Histoire de ma vie, p. 272

06 janvier 2006

Dernières pages (6 janvier 1905)

Mais voici que Le Braz Anatole m’envoie un numéro de La Revue de Paris où j’ai l’agrément de voir mon nom figurer parmi les illustres écrivains. Oui, je lis en tête du numéro 24, 15 décembre : « Jean-Marie Déguignet, Mémoires d’un paysan bas-breton. » Le Braz me disait dans sa première lettre que j’aurais bientôt « la joie légitime de voir mon [nom] figurer sur la plus grande revue du monde, et de trouver enfin une récompense si bien méritée ». Ma foi, au risque de déconcerter mon mentor, je lui dis que je n’ai pas éprouvé plus de joie que j’en ai éprouvé en voyant ce nom figurer parmi les sous-officiers du 26e de ligne, le jour même où un camarade nommé avec moi faillit devenir fou de joie. Jamais je n’en ai eu du reste, en aucune époque de ma vie, de ces enthousiasmes, de ces mouvements de folie vaniteuse. Le plus que j’aurais désiré en ce moment, ç’aurait été de trouver quelques amis ou même des ennemis, qui m’ont toujours considéré comme un simple paysan ignorant et de nulle valeur, afin de leur montrer que je suis beaucoup plus qu’ils ne croyaient. Malheureusement, les amis et les ennemis que j’ai par ici ne comprennent rien aux choses de la littérature, des arts et des sciences. Ce sont des choses qui n’entrent pas dans les cerveaux bretons, à quelques rares exceptions près.
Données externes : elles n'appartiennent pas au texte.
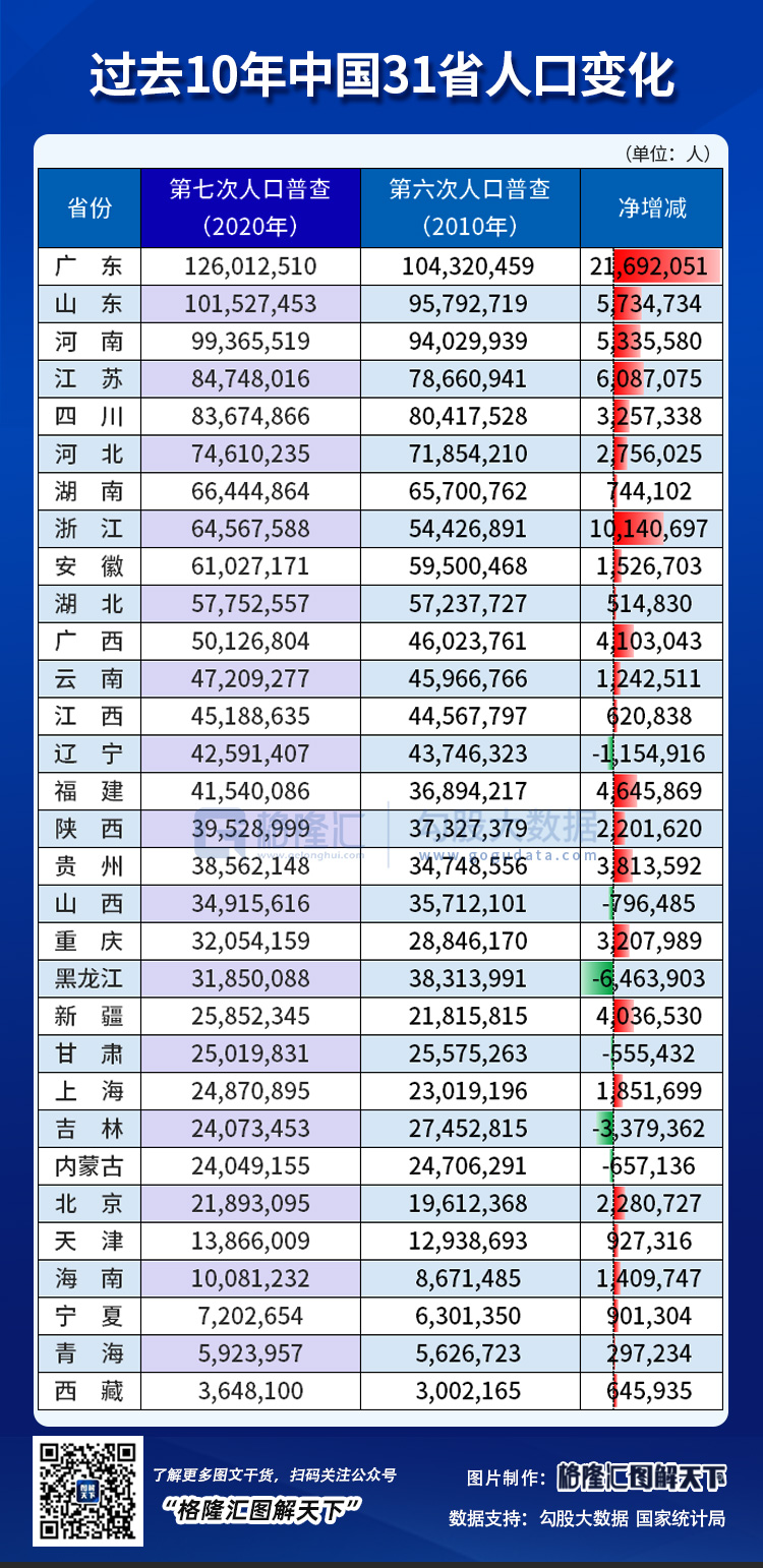 过去10年,人口净减少的省份一共6个,东三省全部入选,而且是唯一三个人口减少幅度都超过百万级别的省份,总减少数量超过1100万。
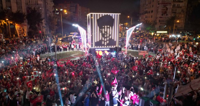 Sakarya Caddesi ile Alija İzetbegoviç caddelerinin kesim noktasına gelindiğinde ise coşku ikiye katlandı. 100’üncü yıl anısına hazırlanan dev Atatürk Anıtı görkemli bir törenle hizmete açıldı. Binlerce vatandaşın şahit olduğu açılış töreninde havai fişek gösterileri, ışık oyunları ve DJ performansı sergilendi. Başkan Sandal, açılış kurdelesini gaziler ile birlikte kesti. Atatürk Anıtı, vatandaşlar tarafından da beğeniyle karşılandı. Yüzlerce Bayraklılı, anıtın önünde hatıra fotoğrafı çektirdi.
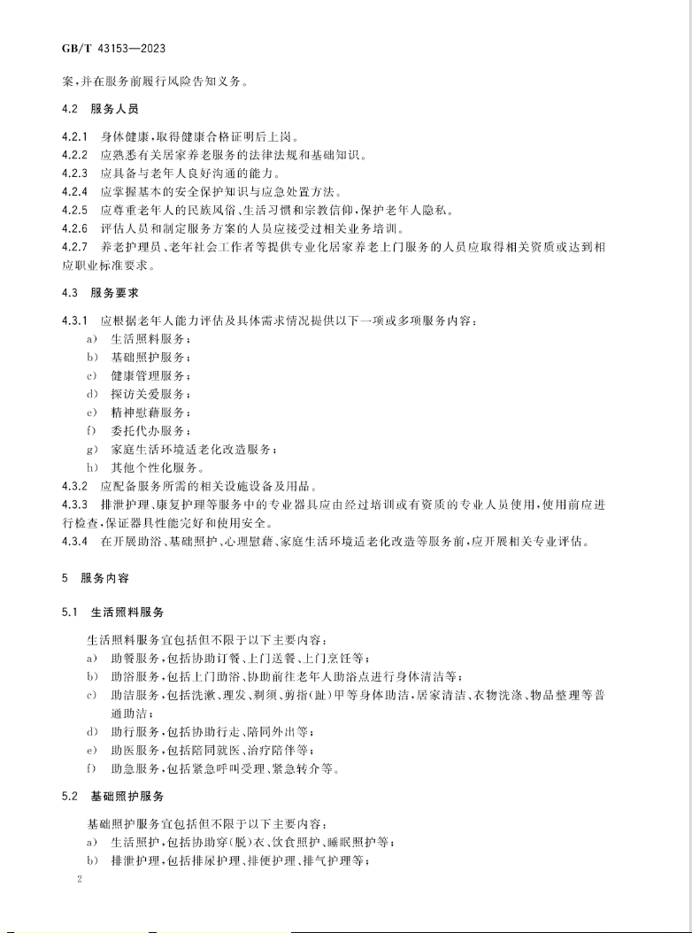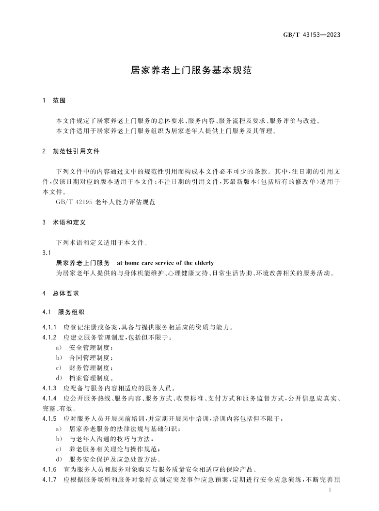 居家養(yǎng)老上門服務(wù)基本規(guī)范
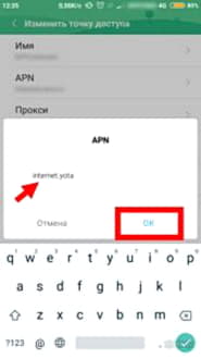- Вбиваем параметры: название «yota»; apn «internet.yota»;
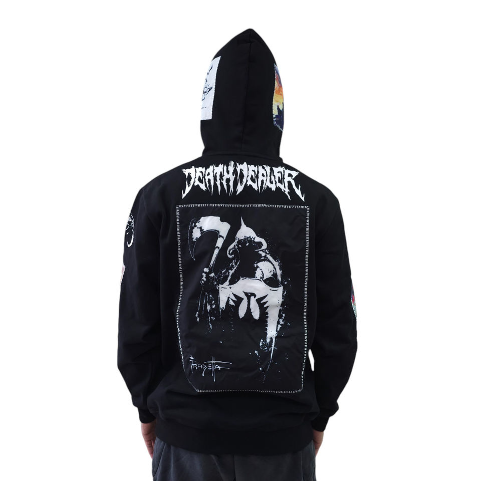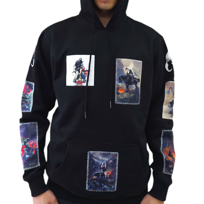 Custom Oversized Men's Heavyweight 100% Cotton Acid Wash French Terry Streetwear Hoodie With Embroidery Patchwork Manufacturer

Et Le Braz qui me dit qu’il considère comme la plus belle action de sa vie littéraire, celle de m’avoir fait entrer par la grande porte dans ce nouveau monde qu’on appelle la République des Lettres. Et il me souhaite de vivre encore longtemps, afin de jouir de mon triomphe littéraire, qui ira toujours grandissant à mesure que la publication de mes mémoires avancera, et surtout lorsqu’ils seront mis en volume. Mais je ne verrai pas ça, ou du reste j’ai vu assez, puisque j’ai vu mon nom briller au milieu des illustrations littéraires, je n’avais jamais tant espéré. Ici, je dois de la reconnaissance à M. Le Braz Anatole, contre lequel j’ai écrit beaucoup, mais beaucoup de vérités contre lesquelles il ne peut rien dire. Du reste, dans ce monde de la littérature et du parlementarisme, on ne fait plus attention aujourd’hui aux mots, aux phrases, aux personnalités, mêmes aux calomnies, ni aux injures les plus grossières. Ces gens se sentent tombés si bas dans toutes les ignominies qu’ils aiment à se couvrir mutuellement de boue.

Ils en ont, oui, de la boue par-dessus la tête, dans ce fameux grand monde qui n’est grand que dans la canaillerie et dans les horreurs. Voici un de ces grands, nommé Syveton, député, déclaré l’honneur du parti catholique, qui a été obligé de [se] suicider pour se soustraire aux ignominies qui pesaient sur lui et auraient pu le conduire au bagne. Comme Esterházy, déclaré par Pellieux l’honneur de l’armée, et qui fut obligé de se sauver pour se soustraire au déshonneur dont il s’était couvert. A ma Doue beniguet Intronn Varia ar ganaillez ! Comme le parti nationalisto-catholico-fripouillo, avec Coppée en tête, a vomi ses belles injures sacrées contre les juifs et les francs-maçons dès qu’ils ont appris la mort de cet honorable Syveton, accusant ceux-ci d’avoir assassiné l’honneur du parti. Mais avant que Coppée ait eu le temps de vider toutes ses sacro-saintes ordures sur la tête des francs-maçons, il en a tant, il est prévenu que son honorable ami s’est suicidé lui-même aidé par sa femme, dit-on. Il se sentait écrasé par les honneurs.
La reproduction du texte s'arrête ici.